In Vitro Phosphorylation Assay-- TAK1 and TAB2 immunoprecipitates were incubated with 1 µg of bacterially expressed MKK6 in 20 µl of kinase buffer containing 10 mM HEPES, pH 7.4, 1 mM dithiothreitol, 5 mM MgCl2, and 5 µCi of gamma 32P-labeled ATP (3000 Ci/mmol) at 25 °C for 2 min. Samples were resolved by SDS-PAGE, transferred to Immobilon-P membranes, and visualized by autoradiography. The membranes were also analyzed by immunoblotting.

Subcellular Fractionation-- The method as described previously (46) was used with minor modifications. Cells were lysed in a hypotonic buffer (10 mM HEPES, pH 7.4, 1.5 mM MgCl2, 10 mM KCl, 0.2 mM phenylmethylsulfonyl fluoride, and 0.5 mM dithiothreitol) and homogenized on ice with a Dounce homogenizer.

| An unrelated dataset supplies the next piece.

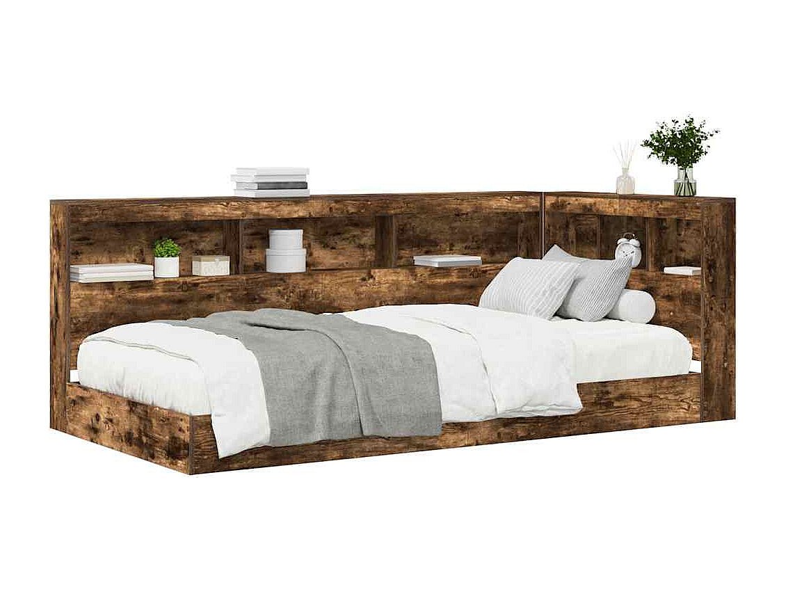 Cadre de lit avec rangement Bois Ancien 75 x 190 cm Bois d'ingénierie

Unlysed cells, cell debris, and nuclei were removed by centrifugation at 1000 × g for 5 min. Soluble (supernatant, S-100) and particulate (pellet, P-100) fractions were generated by centrifugation at 100,000 × g for 1 h at 4 °C. Particulate fractions were solubilized in the Triton-containing lysis buffer followed by centrifugation at 10,000 × g for 10 min.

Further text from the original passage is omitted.